Exercise details >> Could every line of the listing be output exactly, with the pictures skipped?

(Data extract Opens)

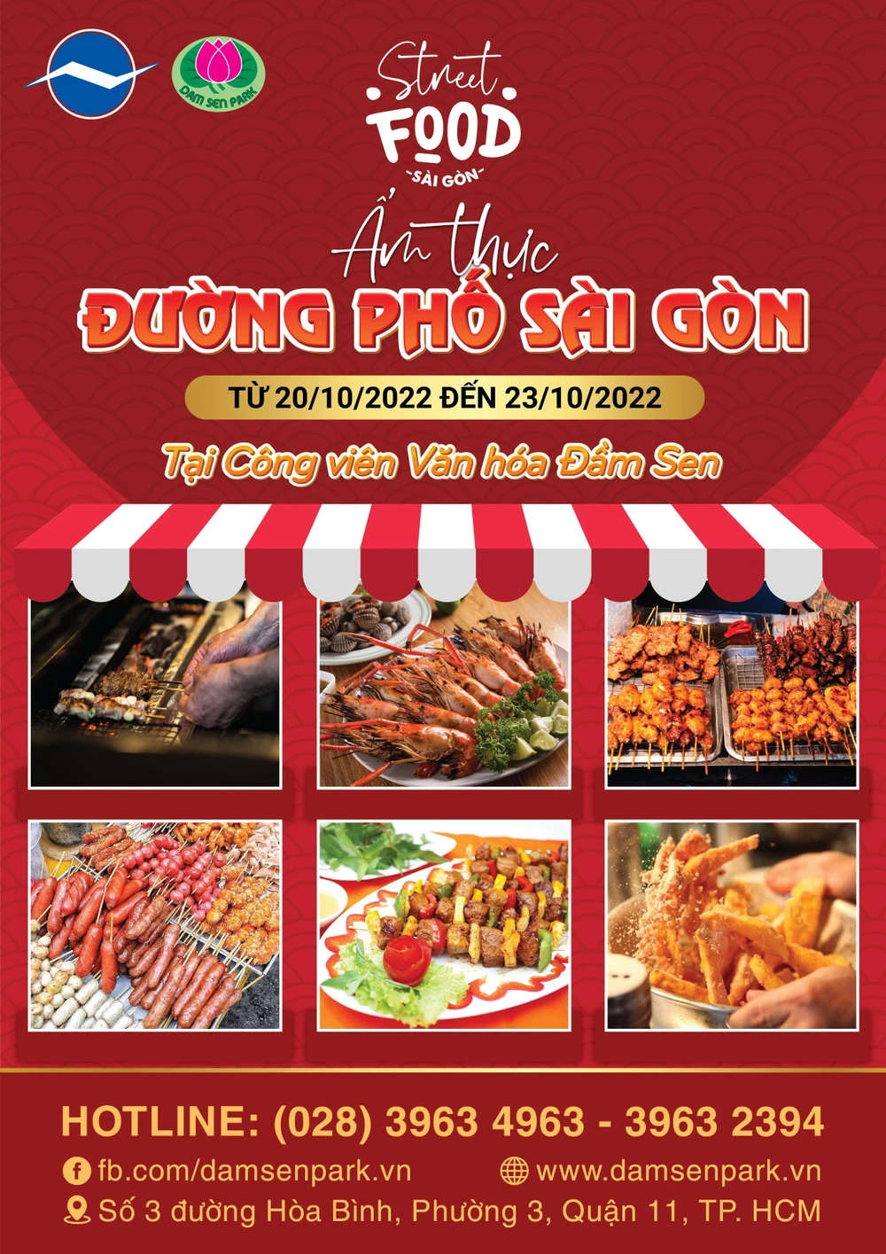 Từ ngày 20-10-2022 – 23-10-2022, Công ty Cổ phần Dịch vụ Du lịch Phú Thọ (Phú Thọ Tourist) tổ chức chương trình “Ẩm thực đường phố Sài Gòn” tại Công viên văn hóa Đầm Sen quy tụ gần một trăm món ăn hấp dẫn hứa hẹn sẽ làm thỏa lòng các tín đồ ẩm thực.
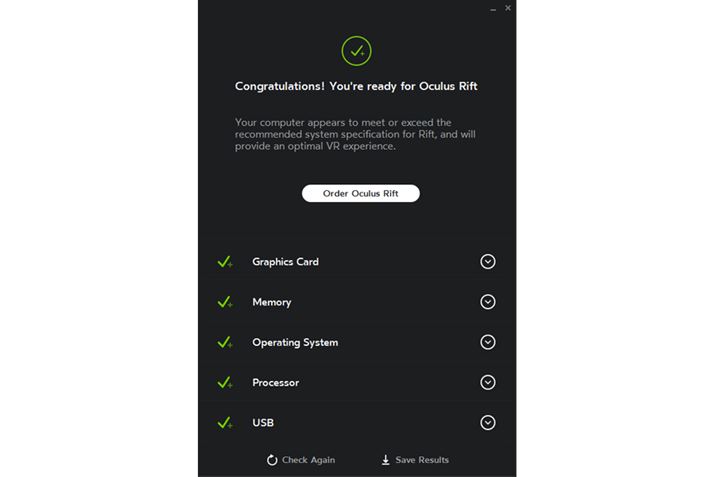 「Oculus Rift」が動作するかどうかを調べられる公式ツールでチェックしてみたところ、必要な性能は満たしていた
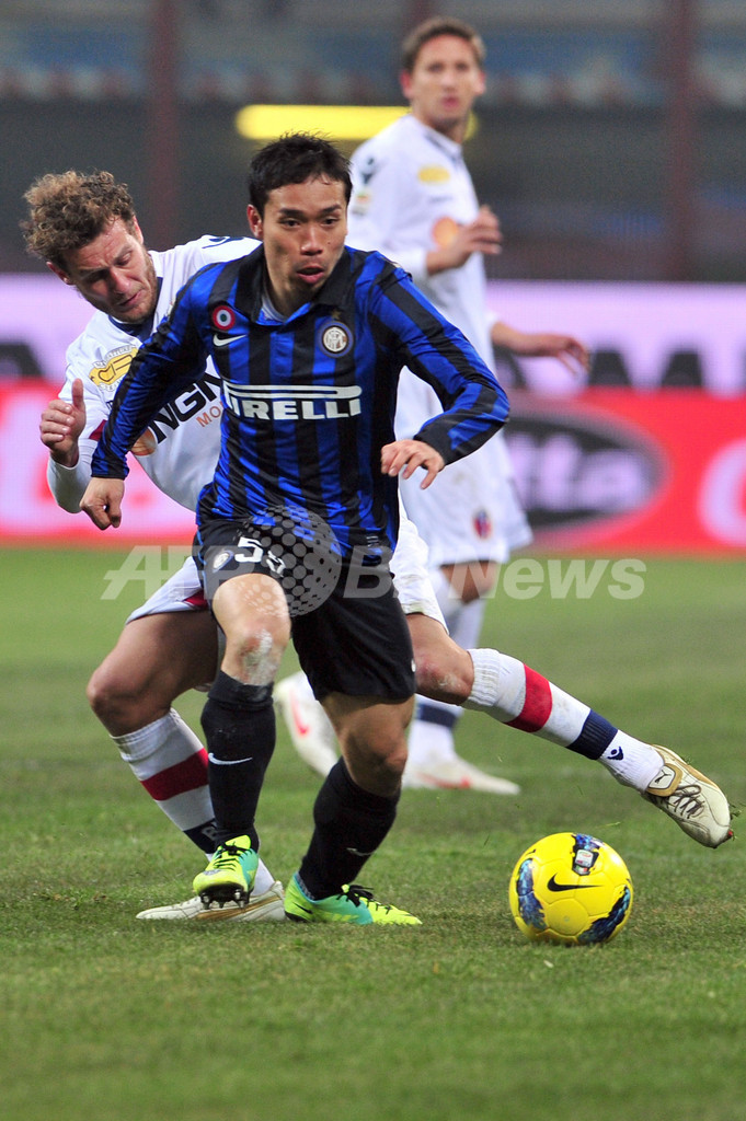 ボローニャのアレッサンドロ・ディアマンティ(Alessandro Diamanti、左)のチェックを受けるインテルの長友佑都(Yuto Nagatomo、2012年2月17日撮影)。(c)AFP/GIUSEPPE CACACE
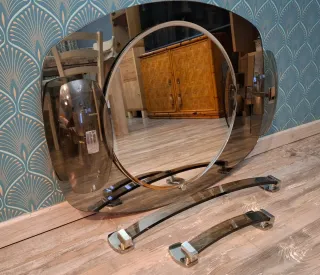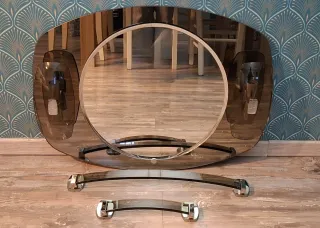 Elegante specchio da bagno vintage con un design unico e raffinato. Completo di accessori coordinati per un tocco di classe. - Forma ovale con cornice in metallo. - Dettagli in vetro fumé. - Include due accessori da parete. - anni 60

(Data extract Closes)

Result >>
 Từ ngày 20-10-2022 – 23-10-2022, Công ty Cổ phần Dịch vụ Du lịch Phú Thọ (Phú Thọ Tourist) tổ chức chương trình “Ẩm thực đường phố Sài Gòn” tại Công viên văn hóa Đầm Sen quy tụ gần một trăm món ăn hấp dẫn hứa hẹn sẽ làm thỏa lòng các tín đồ ẩm thực.
 「Oculus Rift」が動作するかどうかを調べられる公式ツールでチェックしてみたところ、必要な性能は満たしていた
 ボローニャのアレッサンドロ・ディアマンティ(Alessandro Diamanti、左)のチェックを受けるインテルの長友佑都(Yuto Nagatomo、2012年2月17日撮影)。(c)AFP/GIUSEPPE CACACE
 Elegante specchio da bagno vintage con un design unico e raffinato. Completo di accessori coordinati per un tocco di classe. - Forma ovale con cornice in metallo. - Dettagli in vetro fumé. - Include due accessori da parete. - anni 60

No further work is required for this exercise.